I'm doing N-body calculations using pyopencl and I need to have my data to be 1D array as input and as output of some kernel. So if I have 2D problem, I do something like this: 1D_arr=numpy.reshape(3D_arr,(LxLy)), where LxLy number of all particles. How to perform a fast fourier transform(fft) of 1D array(If it is possible!), which corresponds to fft of 3D array (and ifft after)?

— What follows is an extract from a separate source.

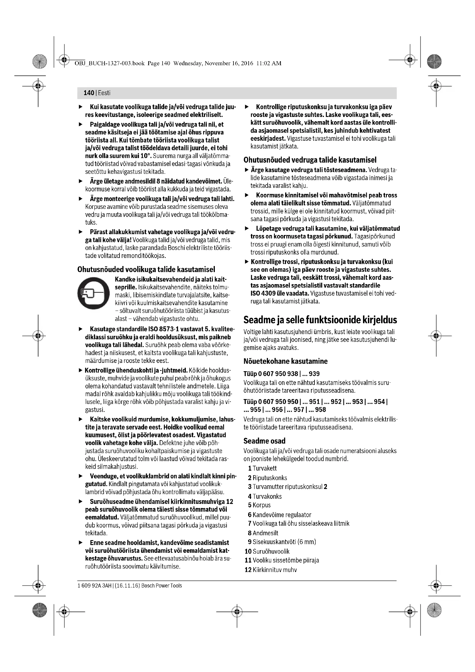 - Vedruga tali on ette nähtud kasutamiseks töövalmis elektrilis- te tööriistade tareeritava riputusseadisena. Seadme osad Voolikuga tali ja/või vedruga tali osade numeratsiooni aluseks on jooniste lehekülgedel toodud numbrid. 1 Turvakett 2 Riputuskonks 3 Turvamutter riputuskonksul 2 4 Turvakonks 5 Korpus 6 Kandevõime regulaator 7 Voolikuga tali õhu sisselaskeava liitmik 8 Andmesilt 9 Sisekuuskantvõti (6 mm) 10 Suruõhuvoolik 11 Vooliku sissetõmbe piiraja 12 Kiirkinnituv muhv OBJ_BUCH-1327-003.book Page 140 Wednesday, November 16, 2016 11:02 AMEesti | 141 Bosch Power Tools 1 609 92A 3AH | (16.11.16) 13 Voolikunippel koos voolikuhülsiga 14 Voolikunippel 15 Voolikuklamber 16 Juurdetuleva õhu voolik 17 Nippel (voolikunippel koos vooliku otsaga) 18 Voolikumuhv (väliskeermega muhv) 19 Hooldusüksuse õhu väljalaskeava 20 Keermega muhvinippel 21 Ühendustuts õhu sisselaskeava juures 22 Voolikunippel suruõhutööriista tarnekomplektis 23 Vooliku vahetükk koos voolikuklambritega 24 Käsiratas kandevõime reguleerimiseks 25 Tross 26 Elastne trossi sissetõmbe piiraja 27 Lastikonks 28 Sisekuuskantvõti (4 mm) 29 Kandevõime reguleerimise kruvi 30 Suruklemm trossi vaba otsa kinnitamiseks 31 Trossilukk trossi pikkuse reguleerimiseks 32 Trossi sissetõmbe piiraja klemm Tarnekomplekt ei sisalda kõiki kasutusjuhendis olevatel joonistel kujutatud või kasutusjuhendis nimetatud lisatarvikuid. Tehnilised andmed Montaaž Seadis, mille külge kinnitatakse voolikuga tali ja/või vedruga tali riputuskonks 2 ja turvakonks 4, peab vas- tama ohutusklassile 5. Selleks et voolikuga tali ja/või ved- ruga tali ohutult käsitseda, arvutage välja voolikuga tali ja/või vedruga tali omakaal (vt „Tehnilised andmed“), lisa- ge sellele maksimaalne kandevõime (selle külge kinnitatud tööriista kaal) ja korrutage summa 5-ga. Pärast allakukkumist vahetage voolikuga tali ja/või vedruga tali kohe välja! Voolikuga talid ja/või vedruga ta- lid, mis on kahjustatud, laske parandada Boschi elektriliste tööriistade volitatud remonditöökojas. Voolikuga tali (tagasitooja) Tootenumber 0 607 950 Kandevõime p. 938

These 2 arrays are connected by reshape transformation in real space.
import numpy as np
from scipy.fftpack import fftn, fft
Lx = 10
Ly = 9
Lz = 1
L = Lx * Ly * Lz
Lspec = (2 * Lx - 1) * (2 * Ly - 1) * (2 * Lz - 1)
M1 = np.zeros(L).astype(np.float32)
for i in range(L):
M1[i] = np.random.random()
M3 = np.zeros((Lx, Ly, Lz))
for z in range(Lz):
for y in range(Ly):
for x in range(Lx):
i = x + Lx * y
M3[x, y, z] = i
M1[i] = i
print(M3[x,y,z], M1[i])
print("________________________")
FM3 = fftn(M3)
FM1 = fftn(M1)
for z in range(Lz):
for y in range(Ly):
for x in range(Lx):
i = x + Lx * y
i2 = y + Ly * x
print(FM3[x,y,z], FM1[i2])
I expect to see all ellements of FM1 and FM3 equal, but I don't know how to manage it.